Although Epic’s approach to leveraging network effects to lock in customers by building proprietary models with little compatibility and complementarity is not exactly admirable in my opinion, it has worked. They are essentially the leading EHR vendor and only continue to grow their user base. This has helped them branch out into other platform-centered products such as their own app store and comprehensive systems with decision-making support, order entry, and results management and tracking. Additionally, Epic offers their own PHR (personal health record) which allows patients to access their own medical record and check the status of their lab results, etc. Most crucially, Apple has recently named Epic as their EHR partner for the storage and transmission of its HealthKit remote patient monitoring program.
Epic’s downfall will likely arise if the government decides to promote stronger EHR standardization laws and implements specific protocols for data sharing and extension naming of EHR systems in America. Given the criticism Epic has received lately, this might happen fairly soon. Additionally, depending on how far America moves towards national health insurance, the government itself might adopt a health information exchange and mandate the use of its own EHR. Anything is possible. In the meantime, Epic should make sure it leverages its control on the EHR market and its wide network effects for some good – such as national biosurveillance to catch outbreaks before they spread, better population health management systems, and improved process benchmarking.

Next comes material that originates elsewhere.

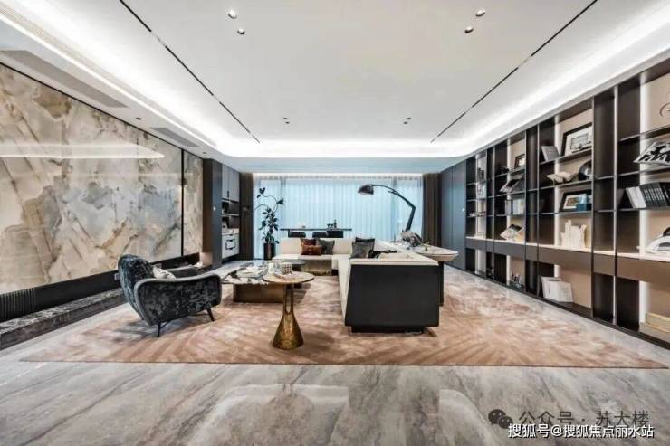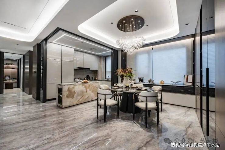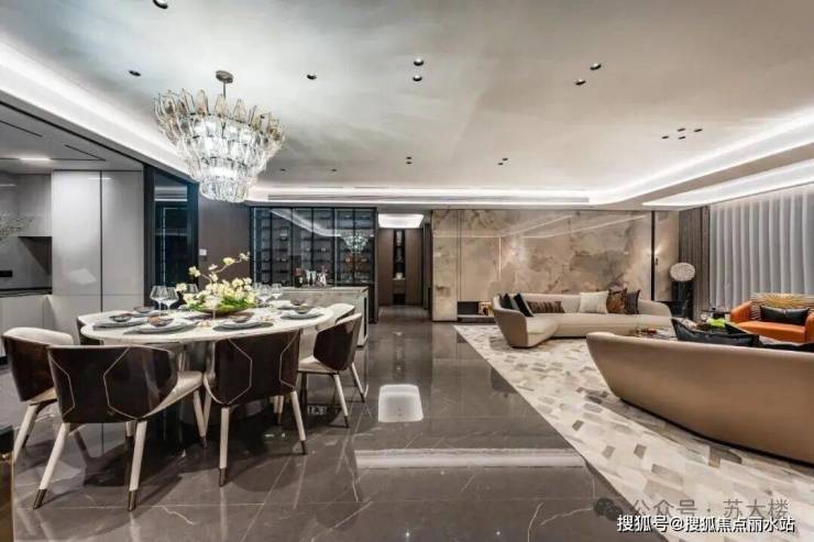 LDKB一体化超大宽厅,简一地砖通铺,顶部弧形吊顶,岩板背景墙交付,

Thank you for the post. Your point about perverse network effects are particularly interesting – as they shut off small hospitals from Epic, they open the path for other competitors to sweep in, such as Meditech. Meditech’s focuses on smaller practices that have tight budgets and only need a comprehensive, “good enough” service. With a low cost, low price strategy, Meditech can afford to monetize this market that Epic has so far not focused on. Should Meditech or other similar competitors get government funding to provide their service, or should EHR systems standardize more as you suggest, the competitive dynamics can push to have Epic compete directly with these companies as well.